# Help with no flyrod



## mtnschott (Mar 28, 2013)

So the 7 weight, 9.5ft G Loomis that I used for the last 20 years broke on the stream for no apparent reason. But 20 years is a long time to get out of the fly rod my wife got me as my wedding present from her on our wedding day. So I'd like to buy another similar.

Normally, I would go to a store and speak with someone who knows more than I do about steelhead rods as I haven't bought one in over 2 decades. But obviously, the stores are closed.

I know that I want a one-handed 10', 7 weight with medium or medium/fast action. I've been able to figure that out from various websites. But the websites seem very difficult to manage. Even when you go to a specific manufacturer, they make it difficult to hone in on the rod(s) that they have that meet these specs.

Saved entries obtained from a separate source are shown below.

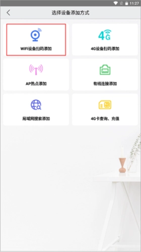 3、这里有很多种添加设备的方式,如WiFi设备扫码添加、4G设备扫码添加、AP热点添加、有线连接添加等
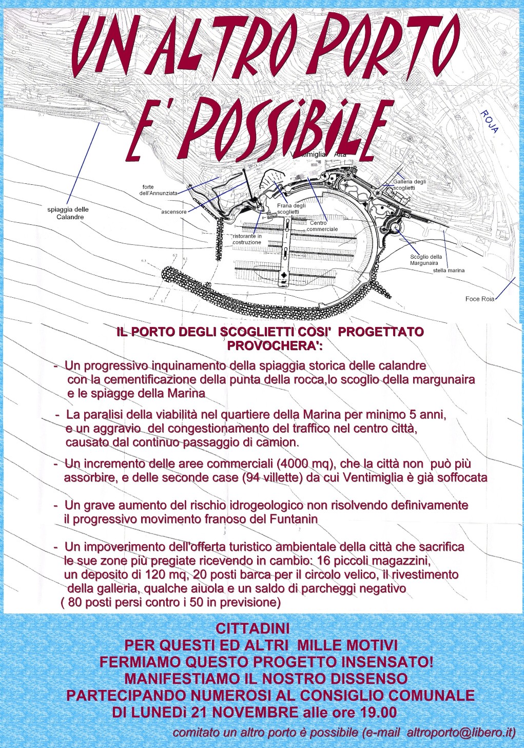 Ho visto in questi giorni il progetto del porto della nostra sofferente città. Dico sofferente perchè chiunque viva a Ventimiglia sa che ormai da più di 30 anni la nostra città è in uno stato comatoso quasi irreversibile le colpe troppo facile darle agli amministratori di destra o sinistra le colpe sono dei 27-28000 ventimigliesi che piano piano hanno ridotto la città ad un dormitorio lo stato di abbandono di Ventimiglia alta è forse soltanto colpa del sindaco (Valfrè o Berlingiero o Ballestra, Pastor) o anche degli abitanti che mantengono le cose in questo stato parla una persona che nel centro storico molto spesso va a comperare lle focacce la notte e che ogni volta pensa che posto magnifico sarebbe se fosse come non dico PORTOFINO O Genova basterebbe guardare come a Dolceacqua gli abitanti tengano il borgo antico. Ma parliamo del porto secondo me un comitato che vigili come UN ALTRO PORTO è POSSIBILE è giusto che esista e che controlli mi viene da domandarmi perchè però questo comitato sia venuto fuori solamente a due passi dalla conclusione della pratica di presentazione del porto in consiglio comunale visto che il sito degli scoglietti è stato scelto dalla regione dieci se non più anni fa (scelta per me poco ragionevole ma si sa a nervia ci sono le paperelle) é mi chiedo anche se detto comitato non avrà poi vita breve appena i suoi simpatizzanti non si renderanno conto che i lavori di costruzione del suddetto porto porteranno del denaro a Ventimiglia (unico motore di questa città dove per spillare quattrini vi sono bar mi pare 127 o piu,bottiglierie ed ora il bengodi dei tabacchi,) Le calandre bellissima spiaggia di 3 metri di larghezza per 200 di lunghezza andatE voi a meta agosto a stendere un asciugamano c’è la sabbia e poi? sentiero che per quanto rimesso a posto è inaccessibile da persone con Handicap, si la spiaggia è lontana dal centro si sta tranquilli ma la gente secondo voi sceglie Ventimiglia per le Calandre o preferirà sceglierla per la presenza di un porto funzionale con attivita svago ecc (non deve essere per forza agli scoglietti ) QUELLO CHE CHIEDO AL COMITATO ED AGLI OPPOSITORI DEL PORTO è DI PRESENTARE UN PROGETTO ALTERNATIVO DI PORTO PROPRIO COME DICE IL VOSTRO NOME UNALTRO PORTO è POSSIBILE BENE DITEMI DOVE ? (RISPETTANDO I VINCOLI ASSURDI DELLA REGIONE ) GRAZIE R.M
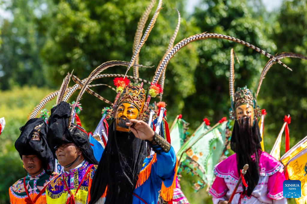 Actors take part in a Dixi opera parade at the Miaoling Tunpu scenic area in Xixiu District of Anshun City, southwest China's Guizhou Province, Aug. 2, 2025. Anshun Dixi Opera is an important part of Tunpu culture dating back to the Ming Dynasty (1368-1644). The opera has been listed as a national intangible cultural heritage item in 2006. (Photo by Fan Hui/Xinhua)

Can anyone either recommend a specific rod that might work for me? Better yet, does anyone know of a website that will tell me which brands have rods that match what I'm looking for and maybe even compare them side by side?


----------



## tnt1958 (Sep 20, 2014)

FISH USA


----------



## zimmerj (Oct 17, 2014)

I love Clearwater rods. 
https://www.orvis.com/store/product...758&group_id=759&cat_id=14816&subcat_id=44180


----------



## Patricio (Feb 2, 2007)

Price range? Casting ability? Do you swing, nymph or other? Strike indicator use? My rod of choice for steelhead was a 9ft 6wt diamondback vsr. I used to high stick wooly buggers for them. St Croix makes a fine rod. A rod 20 years old would probably still be im6 graphite. The best overall material for a fly rod ever I think. Still, the move has been to super duper high modulus graphite that often feel broomstickish. But they throw a large popper a country mile.


----------



## Runfish (Apr 13, 2015)

I love my St croix and have used the warranty several times with excellent customer service.


----------



## drsteelhead (Jan 22, 2016)

I have a 7wt Orvis Clearwater 9ft6. Paired with an orvis battenkill large arbor. Got it in 2009. Cant complain at all about it. Casts well, mends well, fights very well. Has a cork butt bottum section for 2 handed fighting. A good friend of mine is a guide in British Columbia, he swears by anything G Loomis.


----------



## Snakecharmer (Apr 9, 2008)

Cabelas is open. Don't know what they have in fly rods.


----------



## gotribe (May 5, 2006)

mtnschott said:


> So the 7 weight, 9.5ft G Loomis that I used for the last 20 years broke on the stream for no apparent reason. But 20 years is a long time to get out of the fly rod my wife got me as my wedding present from her on our wedding day. So I'd like to buy another similar.
> 
> Normally, I would go to a store and speak with someone who knows more than I do about steelhead rods as I haven't bought one in over 2 decades. But obviously, the stores are closed.
> 
> ...


What model was the G Loomis and do you want another like it? What’s your max spend? Do you want a fast action, medium fast?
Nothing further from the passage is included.